Selenium trioxide is the inorganic compound with the formula SeO_{3}. It is white, hygroscopic solid. It is also an oxidizing agent and a Lewis acid. It is of academic interest as a precursor to Se(VI) compounds.

==Preparation==
Selenium trioxide is difficult to prepare because it is unstable with respect to the dioxide:
2 SeO_{3} → 2 SeO_{2} + O_{2}

It has been generated in a number of ways despite the fact that the dioxide does not combust under normal conditions.
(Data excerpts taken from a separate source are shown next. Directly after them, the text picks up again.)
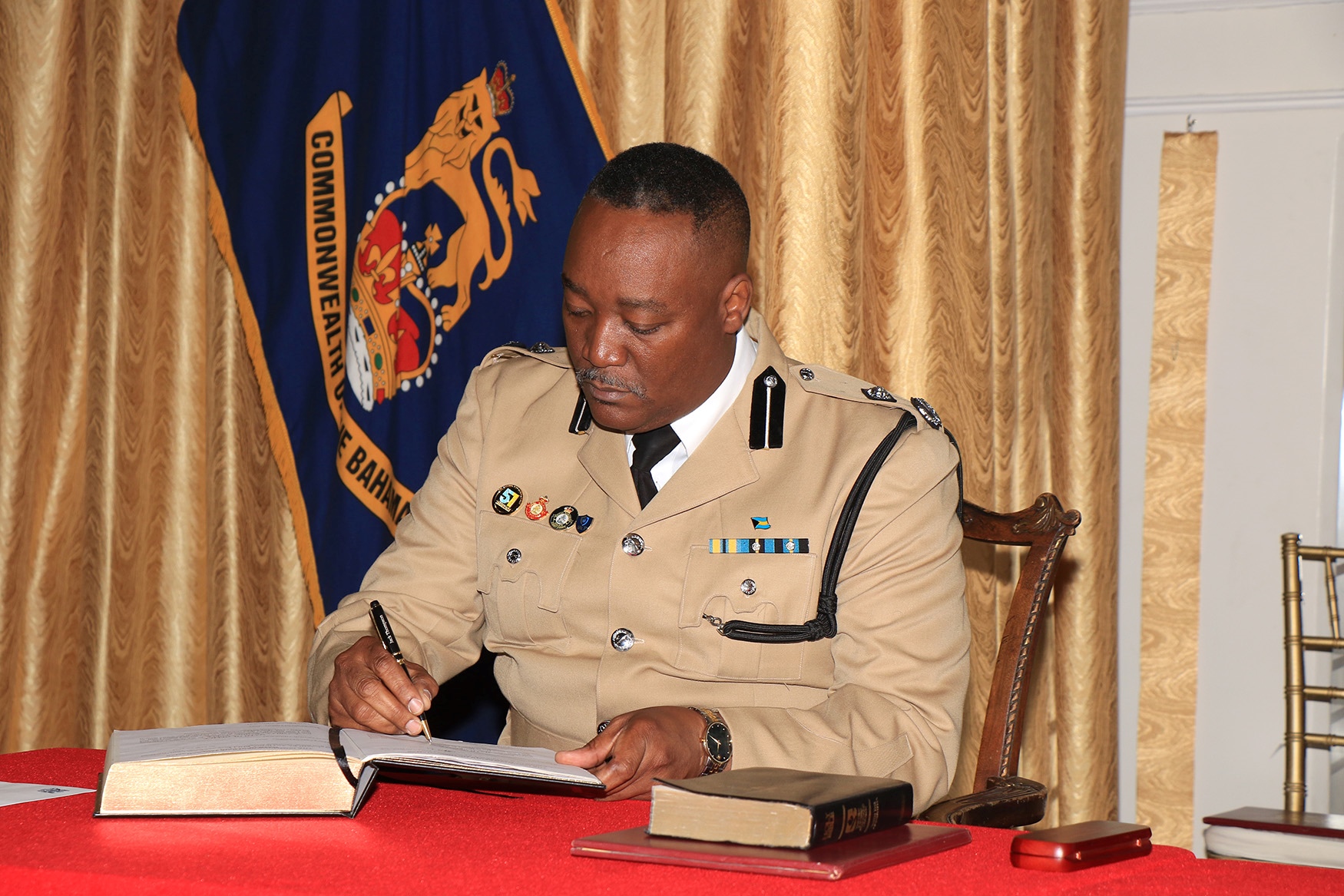 Senior Assistant Commissioner of Police Kirkwood Andrews, OM, was administered the Oath of Allegiance and Oath of Office by Her Excellency the Most Hon. Dame Cynthia Pratt, Governor General, and presented the Instrument of Appointment as Deputy Commissioner of Police during a Swearing-In Ceremony at Government House, on Saturday, January 4, 2025. The Hon. Wayne Munroe, KC, Minister of National Security, brought remarks. In attendance was Police Commissioner Shanta Knowles.
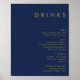 Modern Minimal Navy Blue Gold Wedding Drinks Menu Poster
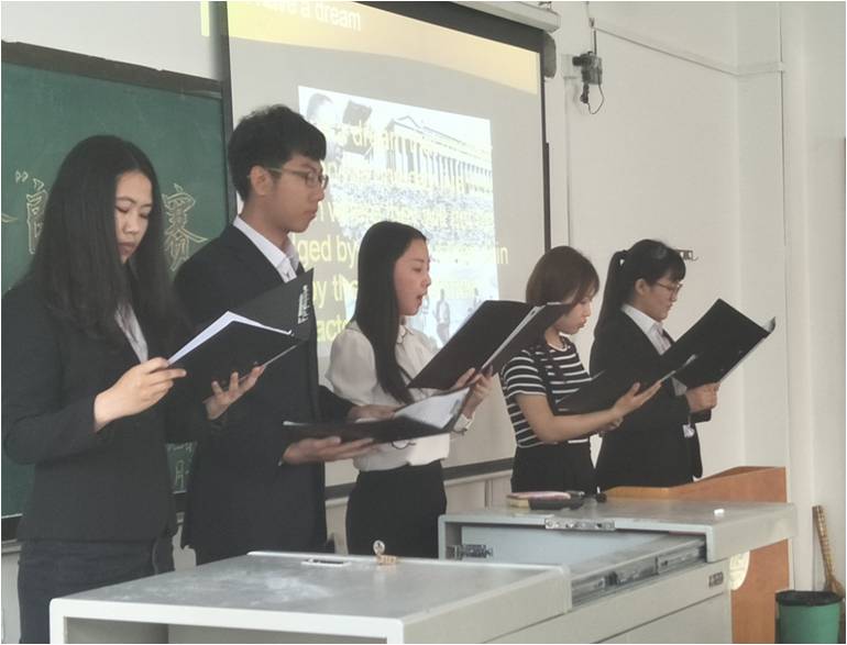 比赛中,同学们声情并茂地诵读了《再别康桥》、《岳阳楼记》等经典文章,并有团队诵读经典励志文章“I have a dream”,激发了聆听者的斗志,积极传播了正能量,取得了良好的效果。比赛内容全面,从励志美文、经典散文,到感人肺腑的爱情诗歌,充分展现了外语学者的风姿。

One method entails dehydration of anhydrous selenic acid with phosphorus pentoxide at 150–160 °C. Another method is the reaction of liquid sulfur trioxide with potassium selenate.
SO_{3} + K_{2}SeO_{4} → K_{2}SO_{4} + SeO_{3}

==Reactions==
In its chemistry SeO_{3} generally resembles sulfur trioxide, SO_{3}, rather than tellurium trioxide, TeO_{3}. The impure substance reacts explosively with oxidizable organic compounds.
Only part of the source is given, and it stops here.